Please write out exactly the lines from the one with "Forrester Wave 领导者榜单,这两个数字都是全球第一的,因此可以充分的证明微软安全相关产品和技术全球领先的能力。" through the end of the data below, both ends included, and omit any pictures.

Source records:
⁂
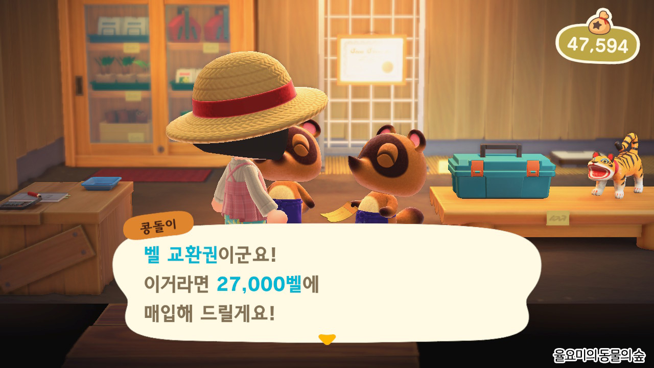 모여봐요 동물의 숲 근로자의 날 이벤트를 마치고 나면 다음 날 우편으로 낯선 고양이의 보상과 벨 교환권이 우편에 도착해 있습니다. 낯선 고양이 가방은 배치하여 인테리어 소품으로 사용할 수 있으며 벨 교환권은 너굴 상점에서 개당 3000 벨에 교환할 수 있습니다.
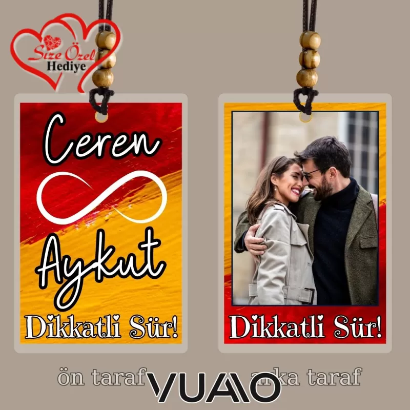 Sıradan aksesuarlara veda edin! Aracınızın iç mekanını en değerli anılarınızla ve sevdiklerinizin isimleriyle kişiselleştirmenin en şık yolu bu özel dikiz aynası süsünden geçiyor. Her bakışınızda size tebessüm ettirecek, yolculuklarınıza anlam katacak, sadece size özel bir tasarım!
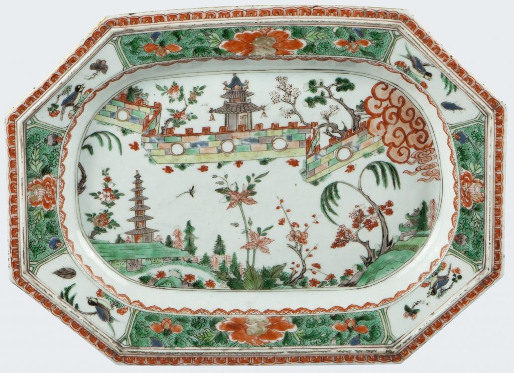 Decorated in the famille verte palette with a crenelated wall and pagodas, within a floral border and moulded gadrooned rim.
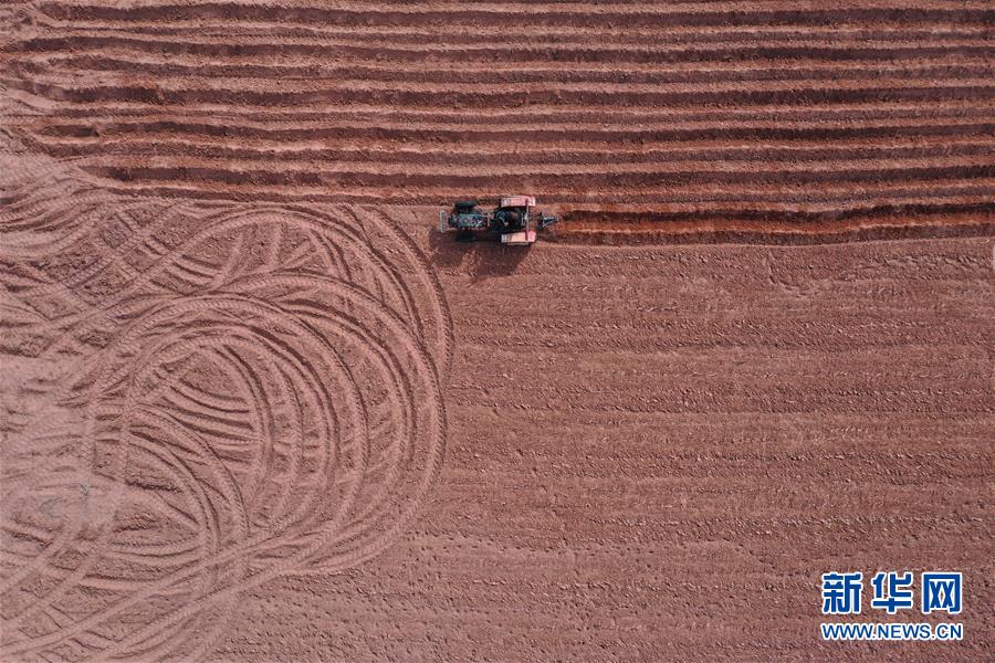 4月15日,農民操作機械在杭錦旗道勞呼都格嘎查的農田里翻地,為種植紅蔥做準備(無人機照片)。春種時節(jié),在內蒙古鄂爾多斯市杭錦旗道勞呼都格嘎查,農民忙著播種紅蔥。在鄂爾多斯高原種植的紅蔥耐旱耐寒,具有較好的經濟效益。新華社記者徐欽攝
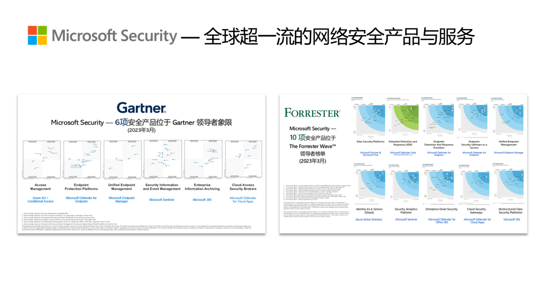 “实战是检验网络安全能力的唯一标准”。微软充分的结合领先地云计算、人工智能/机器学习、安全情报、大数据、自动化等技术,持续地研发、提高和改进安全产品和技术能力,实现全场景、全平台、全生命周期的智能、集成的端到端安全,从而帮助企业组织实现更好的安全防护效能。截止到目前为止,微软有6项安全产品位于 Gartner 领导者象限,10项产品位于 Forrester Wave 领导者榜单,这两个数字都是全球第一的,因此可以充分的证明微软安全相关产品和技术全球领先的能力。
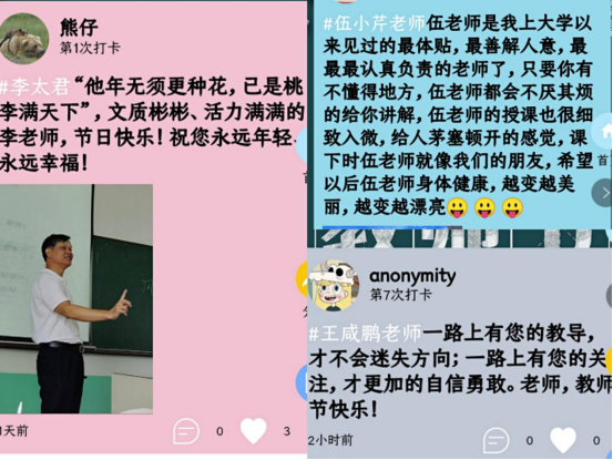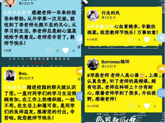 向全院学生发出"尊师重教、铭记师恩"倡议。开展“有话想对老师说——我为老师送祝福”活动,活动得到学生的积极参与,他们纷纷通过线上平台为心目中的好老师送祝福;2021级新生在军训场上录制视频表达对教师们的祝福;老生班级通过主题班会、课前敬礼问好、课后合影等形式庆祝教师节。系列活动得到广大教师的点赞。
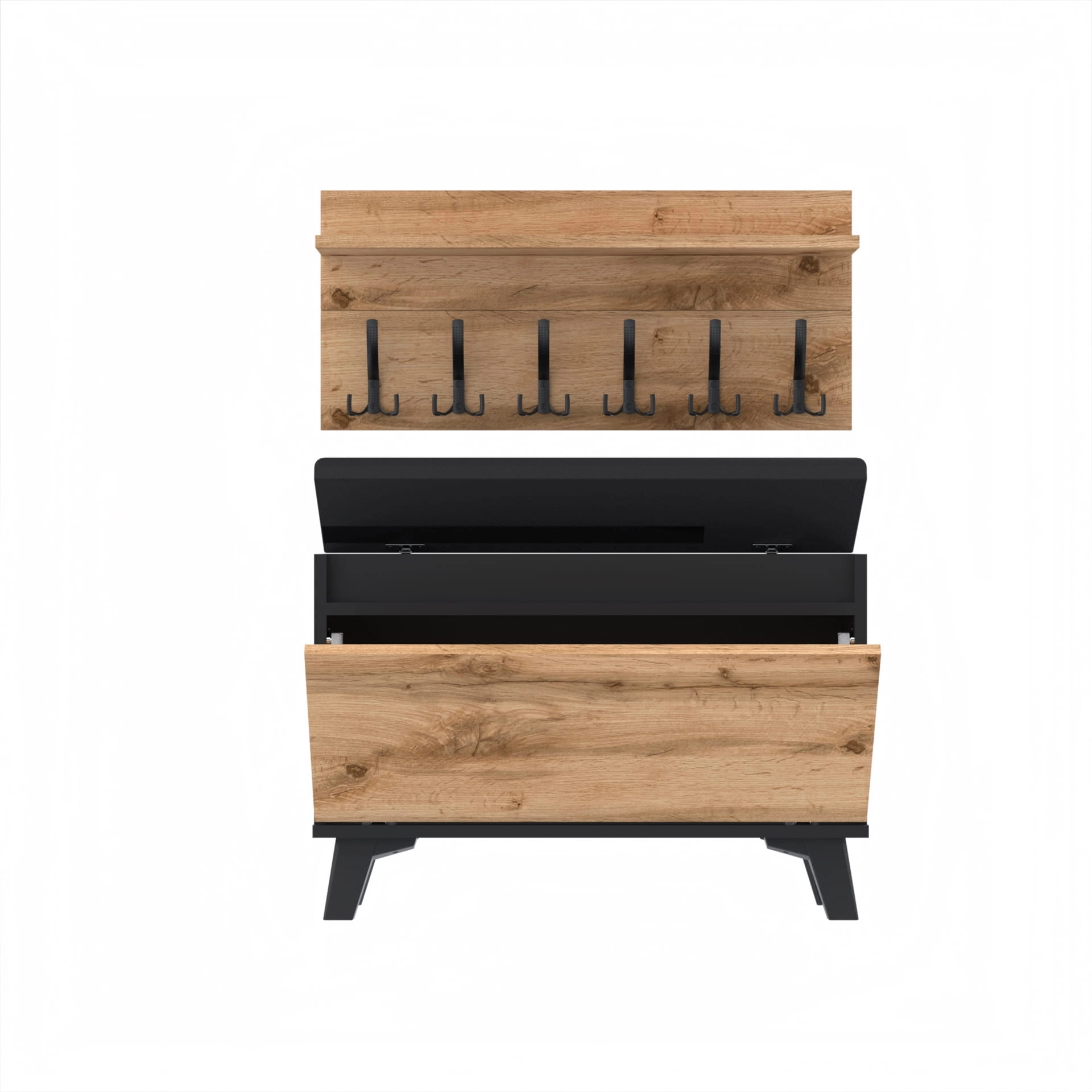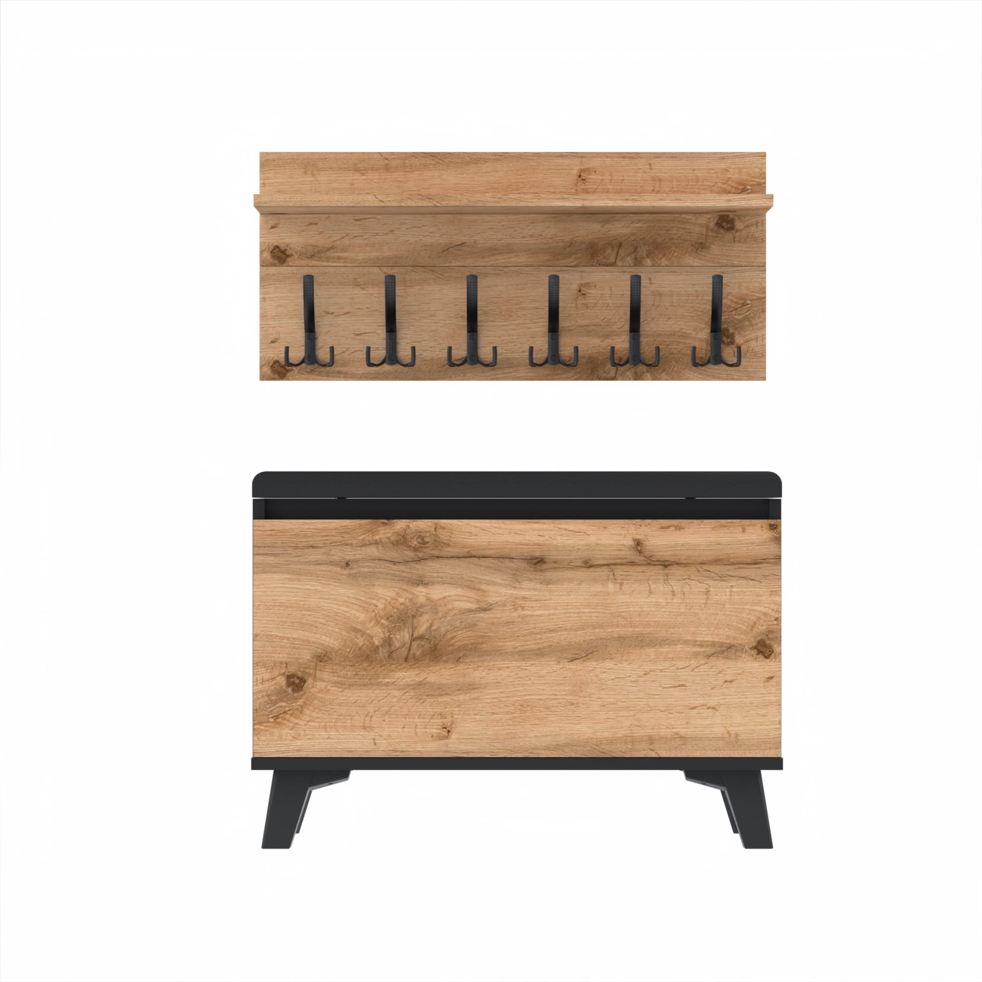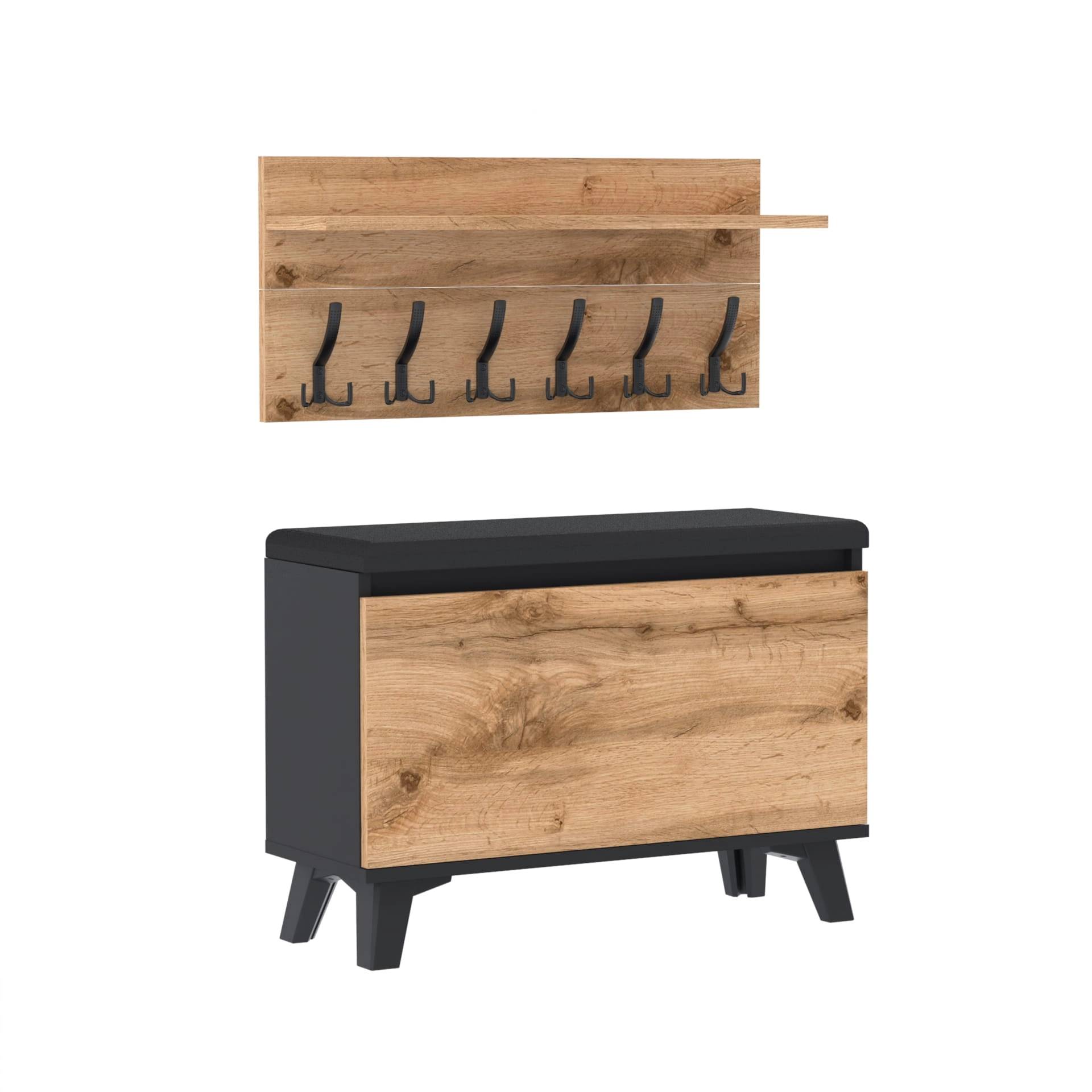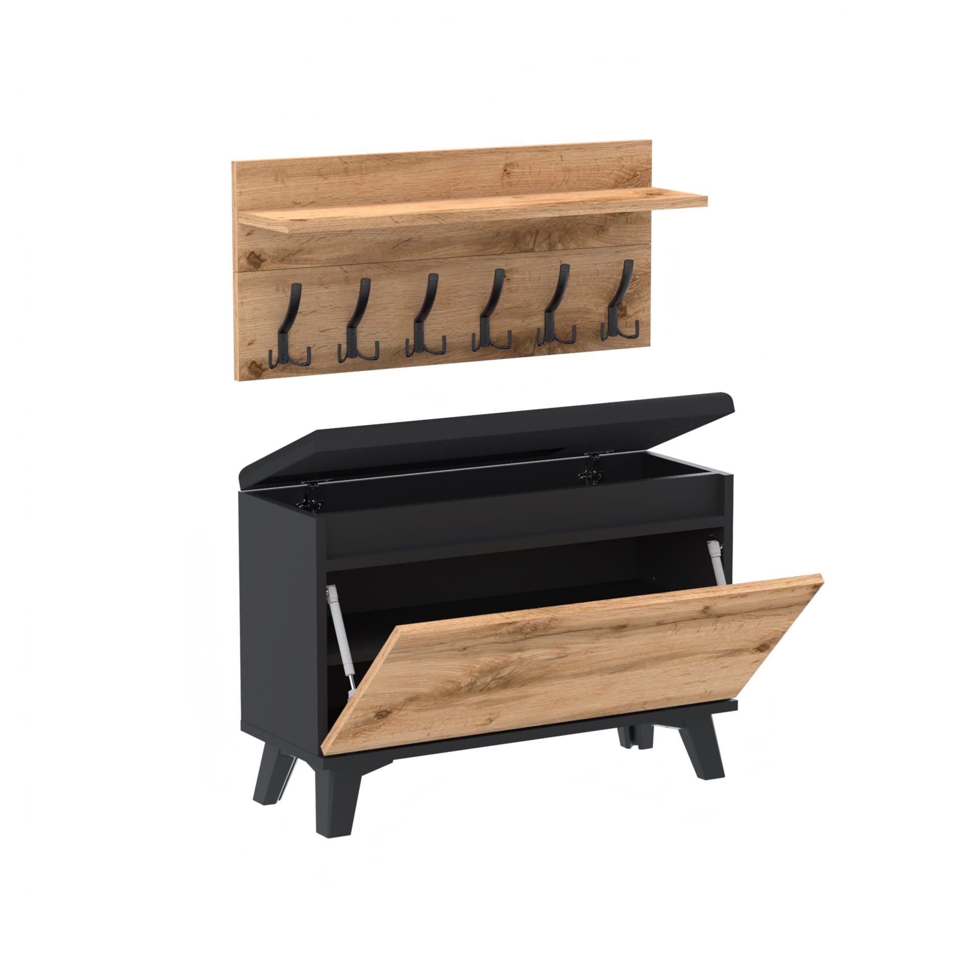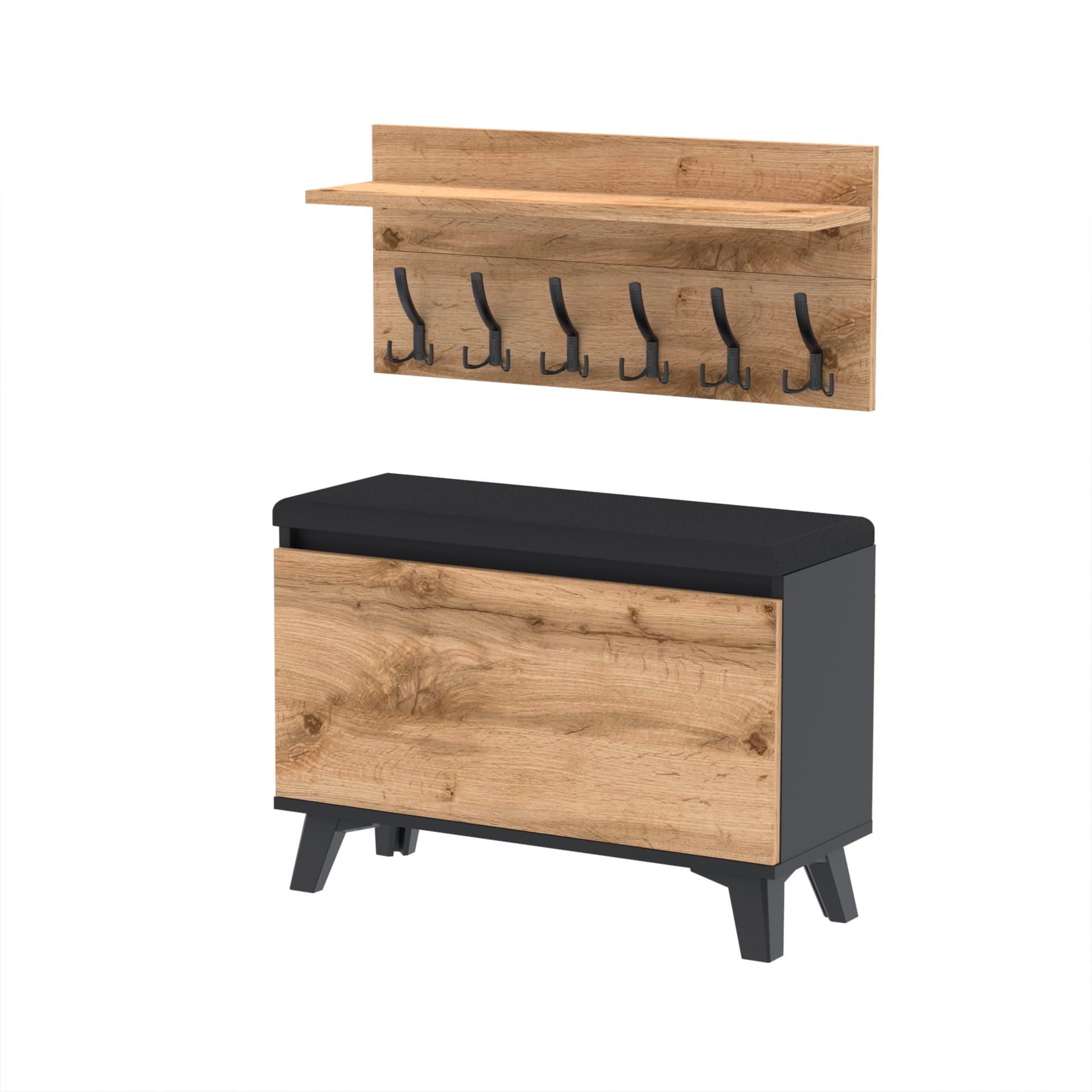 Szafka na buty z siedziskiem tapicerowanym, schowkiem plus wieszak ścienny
⁂
Response box
 “实战是检验网络安全能力的唯一标准”。微软充分的结合领先地云计算、人工智能/机器学习、安全情报、大数据、自动化等技术,持续地研发、提高和改进安全产品和技术能力,实现全场景、全平台、全生命周期的智能、集成的端到端安全,从而帮助企业组织实现更好的安全防护效能。截止到目前为止,微软有6项安全产品位于 Gartner 领导者象限,10项产品位于 Forrester Wave 领导者榜单,这两个数字都是全球第一的,因此可以充分的证明微软安全相关产品和技术全球领先的能力。
 向全院学生发出"尊师重教、铭记师恩"倡议。开展“有话想对老师说——我为老师送祝福”活动,活动得到学生的积极参与,他们纷纷通过线上平台为心目中的好老师送祝福;2021级新生在军训场上录制视频表达对教师们的祝福;老生班级通过主题班会、课前敬礼问好、课后合影等形式庆祝教师节。系列活动得到广大教师的点赞。
 Szafka na buty z siedziskiem tapicerowanym, schowkiem plus wieszak ścienny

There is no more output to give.